_EXERCISE PROMPT_.
Beneath this line are entries. Copy the range from the line with "Warm high-white porcelain" to the line with "The middle section", ends included, exactly; leave pictures out.

_PROVIDED RECORDS_.
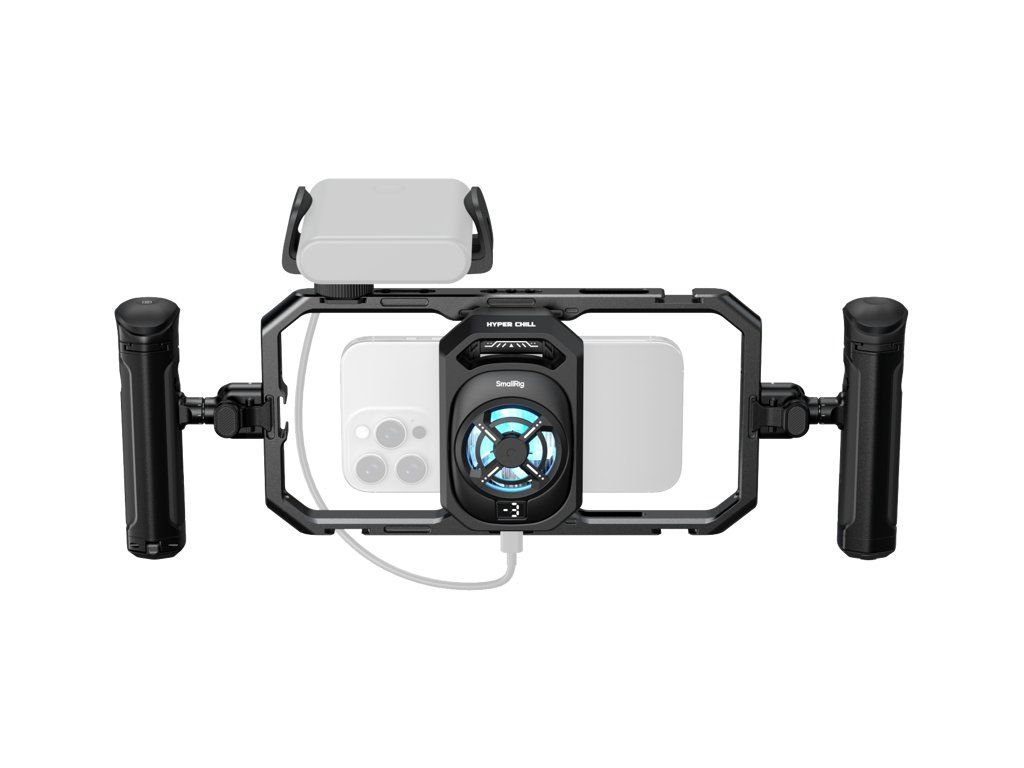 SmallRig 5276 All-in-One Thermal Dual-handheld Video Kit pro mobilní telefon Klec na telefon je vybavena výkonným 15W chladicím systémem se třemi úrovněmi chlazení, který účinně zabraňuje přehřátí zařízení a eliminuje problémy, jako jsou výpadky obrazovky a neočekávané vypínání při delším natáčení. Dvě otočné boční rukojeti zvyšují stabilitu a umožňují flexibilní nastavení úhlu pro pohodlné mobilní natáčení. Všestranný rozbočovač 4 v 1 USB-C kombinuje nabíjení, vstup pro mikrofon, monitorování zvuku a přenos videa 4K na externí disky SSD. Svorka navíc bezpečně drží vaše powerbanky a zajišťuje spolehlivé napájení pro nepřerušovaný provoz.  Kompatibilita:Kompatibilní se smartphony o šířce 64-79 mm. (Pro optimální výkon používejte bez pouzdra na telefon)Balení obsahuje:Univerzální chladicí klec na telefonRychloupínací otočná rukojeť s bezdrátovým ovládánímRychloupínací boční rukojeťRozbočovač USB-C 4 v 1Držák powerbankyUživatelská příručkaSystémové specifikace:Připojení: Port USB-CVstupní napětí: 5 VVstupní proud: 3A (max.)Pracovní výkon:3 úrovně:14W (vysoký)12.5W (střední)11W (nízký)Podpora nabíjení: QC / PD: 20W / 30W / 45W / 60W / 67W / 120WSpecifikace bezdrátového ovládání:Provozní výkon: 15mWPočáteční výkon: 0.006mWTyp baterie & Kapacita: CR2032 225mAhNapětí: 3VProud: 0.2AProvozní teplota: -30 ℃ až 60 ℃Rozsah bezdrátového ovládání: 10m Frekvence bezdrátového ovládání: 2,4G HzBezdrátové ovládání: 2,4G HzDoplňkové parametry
...
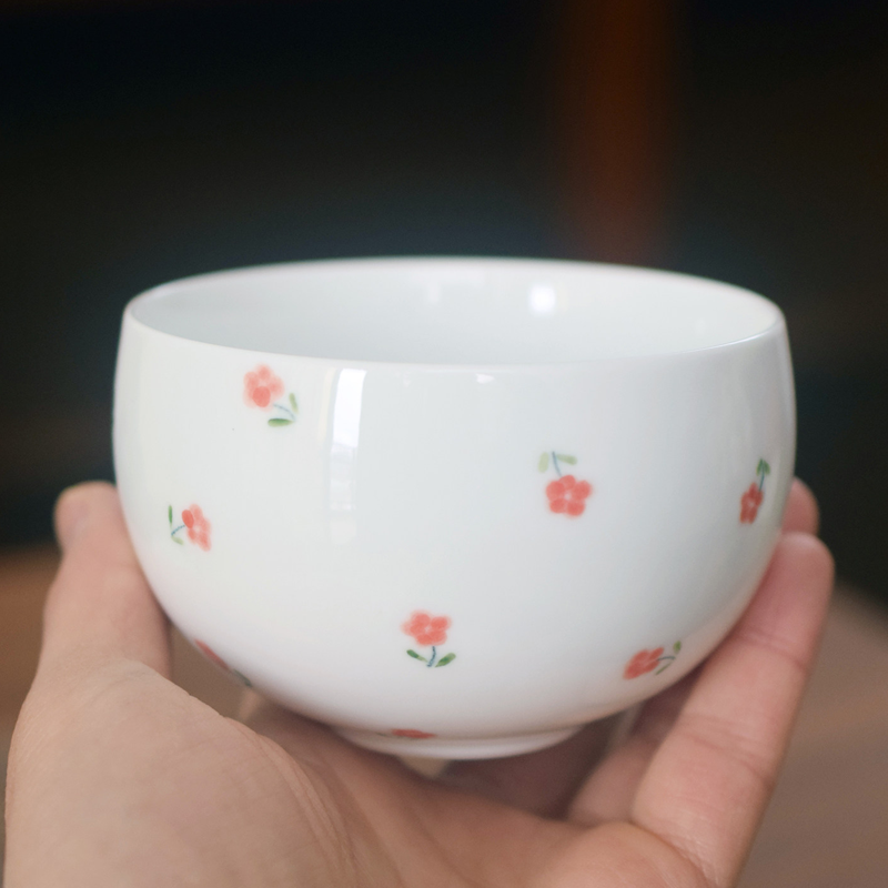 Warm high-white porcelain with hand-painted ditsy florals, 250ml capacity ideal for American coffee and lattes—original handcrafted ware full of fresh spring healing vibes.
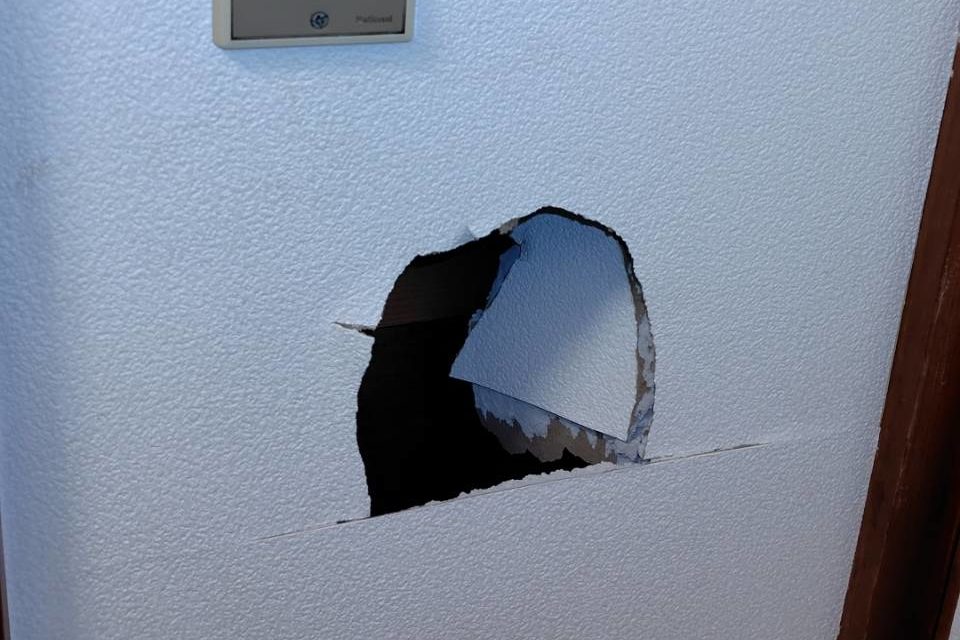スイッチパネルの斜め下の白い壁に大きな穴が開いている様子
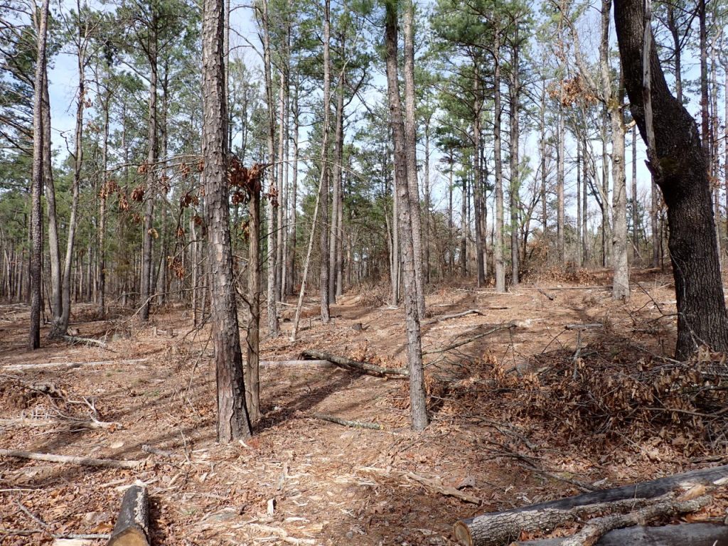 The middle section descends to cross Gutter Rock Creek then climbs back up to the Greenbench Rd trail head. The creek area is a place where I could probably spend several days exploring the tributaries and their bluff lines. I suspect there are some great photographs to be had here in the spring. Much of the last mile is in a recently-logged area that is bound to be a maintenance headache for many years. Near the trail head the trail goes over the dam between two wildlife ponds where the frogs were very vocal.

_OUTPUT_.
 Warm high-white porcelain with hand-painted ditsy florals, 250ml capacity ideal for American coffee and lattes—original handcrafted ware full of fresh spring healing vibes.
スイッチパネルの斜め下の白い壁に大きな穴が開いている様子
 The middle section descends to cross Gutter Rock Creek then climbs back up to the Greenbench Rd trail head. The creek area is a place where I could probably spend several days exploring the tributaries and their bluff lines. I suspect there are some great photographs to be had here in the spring. Much of the last mile is in a recently-logged area that is bound to be a maintenance headache for many years. Near the trail head the trail goes over the dam between two wildlife ponds where the frogs were very vocal.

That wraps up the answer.